The tunnel has miles of plumbing, hundreds of valves, several pumps, generators, water tanks, ventilation fans, ventilation dampers, cameras, evacuation signs, sirens, and the list goes on. All this equipment is controlled by hundreds of computers, with battery backed up power supplies, networked over miles of fibre-optic cable. A failure in any part of the system can lead to multiple fatalities. A possum sleeping in a fan, a kaka nesting in a deluge pipe, a rat chewing cable: Anything.

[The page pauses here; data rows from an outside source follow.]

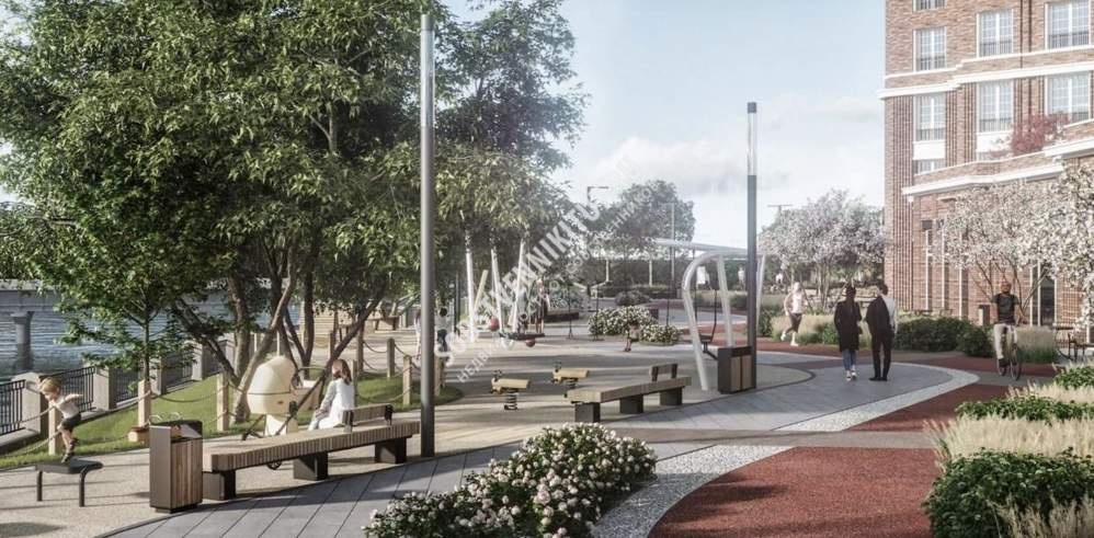 На противоположном разместилось современное общественное пространство с зонами отдыха у воды, игровыми площадками для детей разного возраста и зонами отдыха для взрослых. [#4151201#]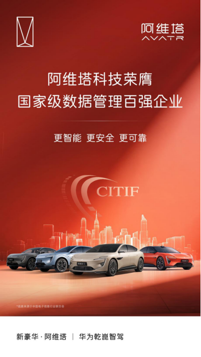 本次“数据管理百强企业”名录由中国电子信息行业联合会组织评选。该联合会由国务院批准设立、工业和信息化部主管,是电子信息领域的最高层级机构。作为新能源汽车制造领域的新实力企业,阿维塔从上万家参评企业中脱颖而出,展现出了其在数据治理与应用方面的领先水平。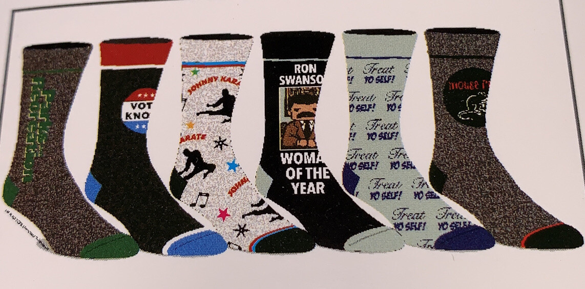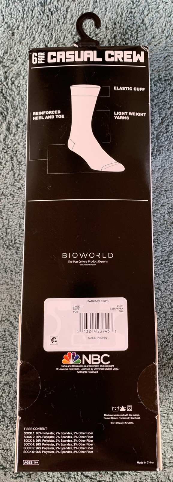 как выглядит NBC Parks and Recreation Novelty Adult 6 Pk Crew Socks Sz 8-12 Age 14 OSFM New фото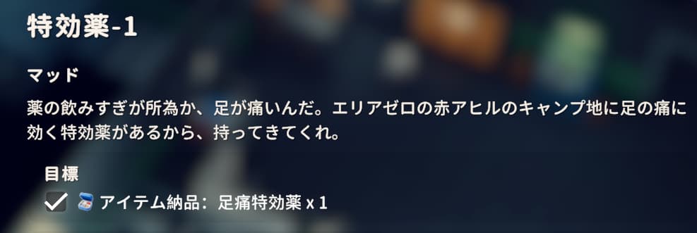 エスケープフロムダッコフの【クエスト:特効薬-1】について紹介していきます。

Trying to make sure all this complexity works when it should, highway operators frequently close highway tunnels for testing. But that’s not all. Software needs regular updates. Each item of equipment needs regular replacement (every ten to fifteen years for computers, perhaps 20 to 30 years for pumps, and so on and on). And of course there are the inevitable accidents, out of control vehicles damaging equipment, safety barriers, and so on. Any replacement, maintenance, or upgrade job requires a tunnel closure.
High BCR Reduces Risk
The Remutaka Highway project has a very high benefit cost ratio (BCR), with estimated economic benefits more than seven times the construction cost. This means a small increase in cost will not jeopardise the project’s economic viability.

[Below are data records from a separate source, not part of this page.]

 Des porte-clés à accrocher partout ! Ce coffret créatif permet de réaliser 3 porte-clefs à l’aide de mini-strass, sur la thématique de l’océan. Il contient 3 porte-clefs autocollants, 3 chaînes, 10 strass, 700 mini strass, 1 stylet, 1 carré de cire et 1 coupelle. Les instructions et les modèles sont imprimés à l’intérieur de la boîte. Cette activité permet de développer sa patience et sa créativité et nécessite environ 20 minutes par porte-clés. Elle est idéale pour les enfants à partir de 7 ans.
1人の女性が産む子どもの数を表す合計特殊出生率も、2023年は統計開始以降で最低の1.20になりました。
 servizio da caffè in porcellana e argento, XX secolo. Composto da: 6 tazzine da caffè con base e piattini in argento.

One very important safety feature we rarely see in highway tunnels is the stopping shoulder. An international tunnel consultant observed that in some tunnels, most crashes are caused by stationary vehicles in the traffic lanes. Stopping shoulders reduce that risk. We have to dig out more rock, but because of this project’s high BCR, widening the tunnel to make room for stopping shoulders won’t ruin its economic viability.

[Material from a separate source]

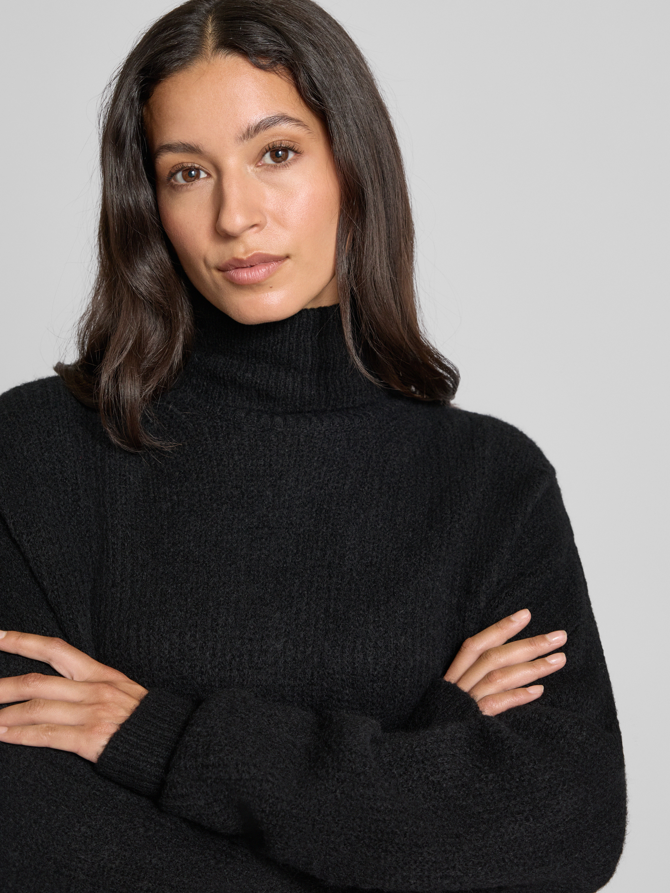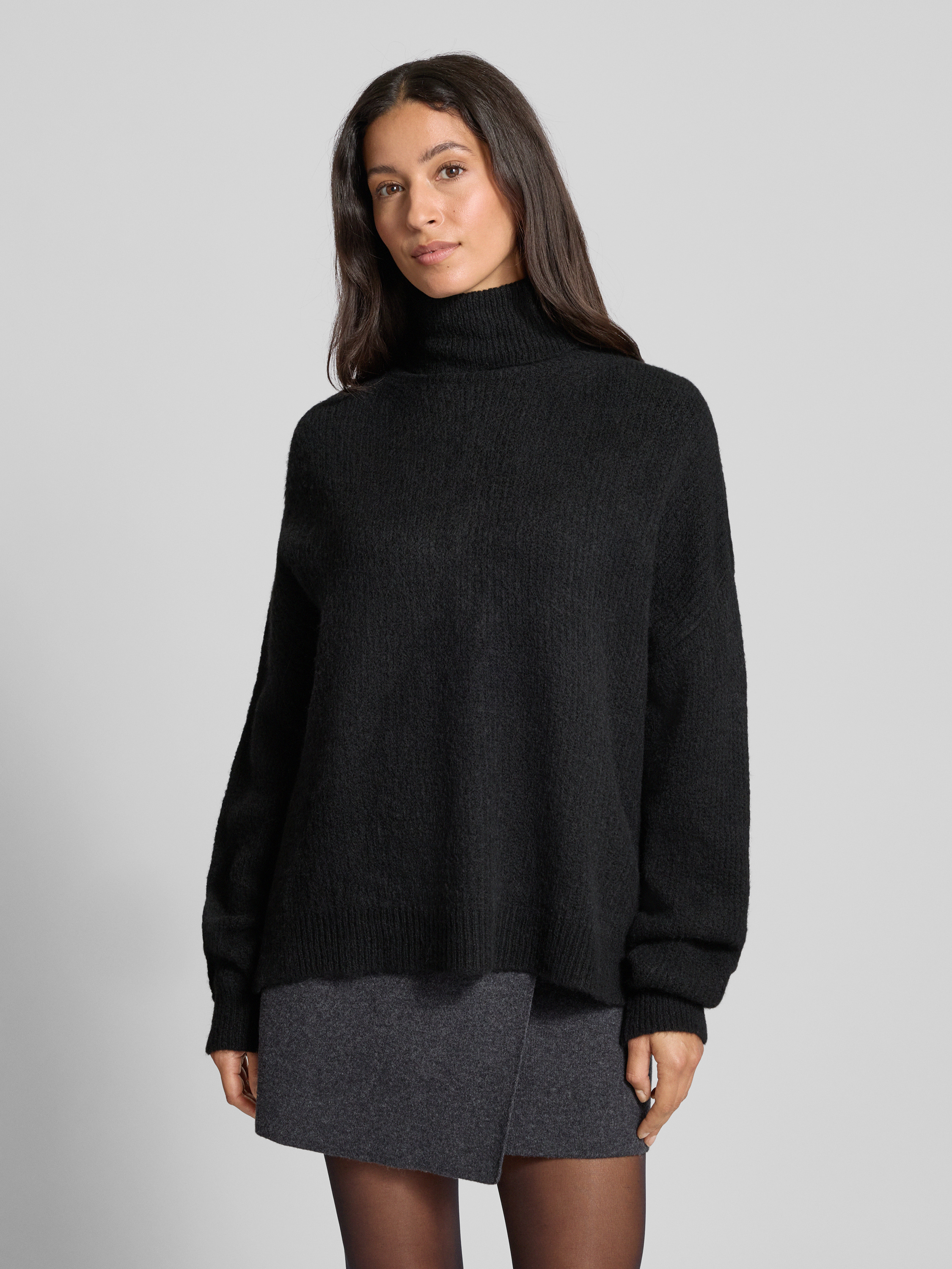 Sweter z wywijanym kołnierzem z efektem melanżu - czarny

In my opinion, the addition of stopping shoulders does not overcome the safety problem. Even with stopping shoulders, a tunnel would not be as safe as an open cutting.
In the event of a crash in a cutting, seriously injured people can be airlifted from very close to the crash site. With a tunnel, they first need to be taken out into the open. Rescuing crash victims in the confined space of a tunnel is more difficult, even without the heightened risk of fire.
Tunnel crashes are more dangerous, and the victims are less likely to survive even after being rescued. An open cutting is safer.
Reliability
Frequent maintenance closures would be unacceptable for the Remutaka Highway. Closing the Remutaka Highway would force night-time traffic onto the winding, steep, dangerous Remutaka Hill Road. This is unacceptable for some road users. Transferring a patient between Masterton and Lower Hutt or Wellington hospitals over the Remutaka Hill Road, for example, is out of the question. You might as well put the patient inside a washing machine. The only practical option is an expensive air transfer.
Motorway tunnels in Auckland or Sydney do not present this type of problem, because these tunnels run parallel to good quality local roads that can handle displaced night-time tunnel traffic.
Summary
The new Remutaka Highway will overcome a critical constraint on the economy of the Wairarapa and Greater Wellington regions. The highway is designed to be easily upgraded to a true dual-carriage motorway.
Motorways are by far the safest type of road. Remutaka Highway users can expect a big improvement in safety.
Putting a motorway through a tunnel, even with stopping shoulders, undermines the potential safety improvement. In addition, a highway tunnel requires continual monitoring by human operators, increasing the highway’s operating cost.
A highway tunnel will not be reliable, because of frequent closures. Some traffic will be able to detour over the existing Remutaka Hill Road. However, that winding dangerous road is not an option for users such as ambulance operators.
The RRAG business case shows two good routes for a tunnel-free Remutaka Highway.
In my view, putting the new highway through a tunnel would be a mistake.
We are technorg.
Notes
1. Five percent gradient means one metre vertical climb for every 20 metres horizontal distance.
2. I have seen single-tube designs in which part of the tunnel is walled off as an evacuation gallery. However, RRAG has been advised that only a twin-tube design would satisfy current safety requirements in New Zealand.
3. Tunnel fire detection/suppression zones are usually 50 to 100 metres long.